# Cannot connect to the Internet



## Ironside

I have just reformatted a PC.  It has got a wireless connection which I cannot get to work.  I am using a netgear wireless router.  I think it has something to do with the wep security code that needs to be put in.  I need to get into the router to find out what the code is.  Problem is, I cannot get into the programme.  I do the normal thing by typing into the address bar 198.168.01 and then a box comes up asking me for a username and password.  I am sure that I used to type in admin into both boxes but this time it just won't have it.  Any ideas what is going wrong?


----------



## The_Other_One

Usally, to get into the setup, it's just admin in the password box.  At least, that's how my Dlink AP and Linksys routers are...

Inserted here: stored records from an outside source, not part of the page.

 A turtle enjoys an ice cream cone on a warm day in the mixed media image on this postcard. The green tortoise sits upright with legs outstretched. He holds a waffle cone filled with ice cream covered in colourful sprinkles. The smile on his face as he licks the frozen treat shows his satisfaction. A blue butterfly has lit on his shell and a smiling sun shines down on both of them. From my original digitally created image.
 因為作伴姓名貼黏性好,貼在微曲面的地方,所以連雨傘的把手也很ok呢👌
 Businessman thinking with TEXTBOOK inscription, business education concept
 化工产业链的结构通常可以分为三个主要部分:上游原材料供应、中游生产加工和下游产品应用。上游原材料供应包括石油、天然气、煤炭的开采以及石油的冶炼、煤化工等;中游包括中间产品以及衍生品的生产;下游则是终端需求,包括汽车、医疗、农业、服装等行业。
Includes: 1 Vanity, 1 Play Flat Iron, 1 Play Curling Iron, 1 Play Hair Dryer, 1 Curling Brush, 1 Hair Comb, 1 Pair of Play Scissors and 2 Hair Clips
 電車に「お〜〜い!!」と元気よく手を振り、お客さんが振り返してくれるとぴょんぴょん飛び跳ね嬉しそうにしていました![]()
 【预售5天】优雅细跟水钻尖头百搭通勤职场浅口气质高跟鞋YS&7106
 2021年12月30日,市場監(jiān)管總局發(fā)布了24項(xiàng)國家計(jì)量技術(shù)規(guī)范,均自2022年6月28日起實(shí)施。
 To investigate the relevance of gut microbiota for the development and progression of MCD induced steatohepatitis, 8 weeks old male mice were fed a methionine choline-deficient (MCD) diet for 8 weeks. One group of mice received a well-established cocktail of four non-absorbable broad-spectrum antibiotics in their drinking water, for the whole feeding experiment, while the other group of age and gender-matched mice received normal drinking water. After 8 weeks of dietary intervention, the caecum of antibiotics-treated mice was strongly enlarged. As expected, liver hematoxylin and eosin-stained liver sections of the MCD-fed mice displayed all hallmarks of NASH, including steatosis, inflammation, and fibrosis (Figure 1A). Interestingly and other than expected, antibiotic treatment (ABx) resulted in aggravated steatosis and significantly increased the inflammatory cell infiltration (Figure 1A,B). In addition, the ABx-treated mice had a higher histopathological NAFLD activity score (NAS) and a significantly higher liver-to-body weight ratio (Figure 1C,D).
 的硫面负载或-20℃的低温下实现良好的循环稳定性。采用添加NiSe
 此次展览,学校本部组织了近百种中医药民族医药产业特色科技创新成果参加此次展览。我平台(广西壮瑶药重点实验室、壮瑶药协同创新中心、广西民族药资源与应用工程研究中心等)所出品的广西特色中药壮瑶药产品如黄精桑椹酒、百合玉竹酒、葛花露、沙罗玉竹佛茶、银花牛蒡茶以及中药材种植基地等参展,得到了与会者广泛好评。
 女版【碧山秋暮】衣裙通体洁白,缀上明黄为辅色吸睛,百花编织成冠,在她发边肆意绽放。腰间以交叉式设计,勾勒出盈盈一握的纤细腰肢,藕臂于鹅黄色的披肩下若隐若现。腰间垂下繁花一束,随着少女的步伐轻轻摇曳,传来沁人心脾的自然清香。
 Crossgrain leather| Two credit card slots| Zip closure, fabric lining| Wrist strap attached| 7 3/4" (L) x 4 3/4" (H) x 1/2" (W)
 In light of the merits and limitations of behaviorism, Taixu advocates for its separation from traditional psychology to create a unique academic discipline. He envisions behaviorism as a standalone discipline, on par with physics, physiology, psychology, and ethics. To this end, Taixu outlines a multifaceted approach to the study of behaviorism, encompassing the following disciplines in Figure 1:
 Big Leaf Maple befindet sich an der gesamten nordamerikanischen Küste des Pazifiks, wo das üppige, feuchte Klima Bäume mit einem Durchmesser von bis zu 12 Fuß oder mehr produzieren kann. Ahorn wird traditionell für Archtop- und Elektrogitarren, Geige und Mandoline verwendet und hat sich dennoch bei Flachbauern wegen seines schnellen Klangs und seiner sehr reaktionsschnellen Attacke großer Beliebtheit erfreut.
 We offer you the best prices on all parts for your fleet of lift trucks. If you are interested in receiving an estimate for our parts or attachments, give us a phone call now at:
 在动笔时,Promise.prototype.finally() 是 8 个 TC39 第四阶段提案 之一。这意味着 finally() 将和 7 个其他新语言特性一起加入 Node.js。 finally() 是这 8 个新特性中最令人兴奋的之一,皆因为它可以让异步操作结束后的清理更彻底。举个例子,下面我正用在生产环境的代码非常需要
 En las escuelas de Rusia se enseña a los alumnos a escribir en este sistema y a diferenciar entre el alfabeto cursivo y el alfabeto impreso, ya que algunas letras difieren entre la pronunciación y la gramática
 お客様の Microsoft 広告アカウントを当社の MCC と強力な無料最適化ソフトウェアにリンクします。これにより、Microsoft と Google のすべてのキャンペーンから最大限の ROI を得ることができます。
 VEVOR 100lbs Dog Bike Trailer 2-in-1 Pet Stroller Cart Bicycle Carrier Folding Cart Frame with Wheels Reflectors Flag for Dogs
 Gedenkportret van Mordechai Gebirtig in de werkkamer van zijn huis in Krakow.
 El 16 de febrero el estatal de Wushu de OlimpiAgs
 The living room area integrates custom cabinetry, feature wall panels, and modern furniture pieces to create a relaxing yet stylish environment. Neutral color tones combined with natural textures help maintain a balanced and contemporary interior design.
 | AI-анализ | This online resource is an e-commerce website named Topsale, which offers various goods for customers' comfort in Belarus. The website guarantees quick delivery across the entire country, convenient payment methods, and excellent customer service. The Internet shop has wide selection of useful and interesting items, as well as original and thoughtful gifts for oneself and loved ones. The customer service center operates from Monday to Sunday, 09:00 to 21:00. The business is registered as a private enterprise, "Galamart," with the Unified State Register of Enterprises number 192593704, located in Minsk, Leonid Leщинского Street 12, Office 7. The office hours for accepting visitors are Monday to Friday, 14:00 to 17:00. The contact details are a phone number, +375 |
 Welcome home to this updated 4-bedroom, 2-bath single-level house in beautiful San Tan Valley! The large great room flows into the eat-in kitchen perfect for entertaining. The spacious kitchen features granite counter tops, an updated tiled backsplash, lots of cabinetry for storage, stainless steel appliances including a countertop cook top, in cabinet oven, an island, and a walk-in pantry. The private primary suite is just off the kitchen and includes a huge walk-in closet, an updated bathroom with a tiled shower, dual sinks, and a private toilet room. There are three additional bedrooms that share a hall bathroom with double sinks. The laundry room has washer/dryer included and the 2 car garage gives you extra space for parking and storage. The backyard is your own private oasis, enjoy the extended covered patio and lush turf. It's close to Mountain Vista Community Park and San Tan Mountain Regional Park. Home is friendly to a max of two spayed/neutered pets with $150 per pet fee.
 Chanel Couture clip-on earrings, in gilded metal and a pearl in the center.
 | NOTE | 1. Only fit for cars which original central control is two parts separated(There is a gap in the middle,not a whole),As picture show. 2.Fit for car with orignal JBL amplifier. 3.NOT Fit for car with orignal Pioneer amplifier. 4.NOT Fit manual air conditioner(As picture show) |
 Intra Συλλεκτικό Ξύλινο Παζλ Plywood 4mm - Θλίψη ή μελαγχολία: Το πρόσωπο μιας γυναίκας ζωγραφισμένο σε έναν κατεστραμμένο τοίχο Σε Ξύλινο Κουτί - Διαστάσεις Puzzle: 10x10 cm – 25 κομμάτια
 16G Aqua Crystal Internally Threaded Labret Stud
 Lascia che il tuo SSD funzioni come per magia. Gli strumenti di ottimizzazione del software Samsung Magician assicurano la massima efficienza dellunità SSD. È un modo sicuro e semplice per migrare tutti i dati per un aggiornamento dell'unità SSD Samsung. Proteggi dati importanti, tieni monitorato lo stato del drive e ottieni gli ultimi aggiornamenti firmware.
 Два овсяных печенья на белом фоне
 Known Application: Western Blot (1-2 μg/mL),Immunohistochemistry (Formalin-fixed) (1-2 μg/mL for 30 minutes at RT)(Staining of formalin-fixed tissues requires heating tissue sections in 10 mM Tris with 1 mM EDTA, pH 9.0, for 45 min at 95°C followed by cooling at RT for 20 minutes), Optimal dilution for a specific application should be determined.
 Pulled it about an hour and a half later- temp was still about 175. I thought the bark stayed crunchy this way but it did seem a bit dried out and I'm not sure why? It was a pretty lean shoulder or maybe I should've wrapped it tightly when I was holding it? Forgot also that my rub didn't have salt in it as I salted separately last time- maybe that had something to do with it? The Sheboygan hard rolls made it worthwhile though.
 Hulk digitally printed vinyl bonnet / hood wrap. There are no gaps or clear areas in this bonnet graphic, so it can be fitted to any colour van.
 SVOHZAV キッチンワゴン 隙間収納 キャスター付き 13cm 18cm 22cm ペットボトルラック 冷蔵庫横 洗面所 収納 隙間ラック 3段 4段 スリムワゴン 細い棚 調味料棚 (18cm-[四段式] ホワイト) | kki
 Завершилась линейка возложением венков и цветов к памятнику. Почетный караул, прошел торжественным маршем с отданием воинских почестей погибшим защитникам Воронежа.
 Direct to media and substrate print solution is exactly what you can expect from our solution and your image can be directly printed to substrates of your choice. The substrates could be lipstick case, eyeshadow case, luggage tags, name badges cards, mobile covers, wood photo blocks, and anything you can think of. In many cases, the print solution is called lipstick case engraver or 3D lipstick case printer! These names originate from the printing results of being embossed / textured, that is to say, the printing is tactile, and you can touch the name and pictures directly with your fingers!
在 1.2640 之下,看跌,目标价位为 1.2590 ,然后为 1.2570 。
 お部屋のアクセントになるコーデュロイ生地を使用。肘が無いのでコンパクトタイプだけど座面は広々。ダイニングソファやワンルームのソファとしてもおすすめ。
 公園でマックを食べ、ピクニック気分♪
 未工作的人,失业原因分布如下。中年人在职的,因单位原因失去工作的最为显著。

If all else fails, just reset the router and put your info back into it.


----------



## vonbismarck

Ironside said:


> I have just reformatted a PC.  It has got a wireless connection which I cannot get to work.  I am using a netgear wireless router.  I think it has something to do with the wep security code that needs to be put in.  I need to get into the router to find out what the code is.  Problem is, I cannot get into the programme.  I do the normal thing by typing into the address bar 198.168.01 and then a box comes up asking me for a username and password.  I am sure that I used to type in admin into both boxes but this time it just won't have it.  Any ideas what is going wrong?


I don't know what netgear router you have but you can try resetting it and then trying what The_Other_One said.  If that doesn't work then you should be able to look up what the default username and/or password would be for your router.


----------



## Ironside

All sorted out.  Instead of putting password in for password, I was putting in admin.


----------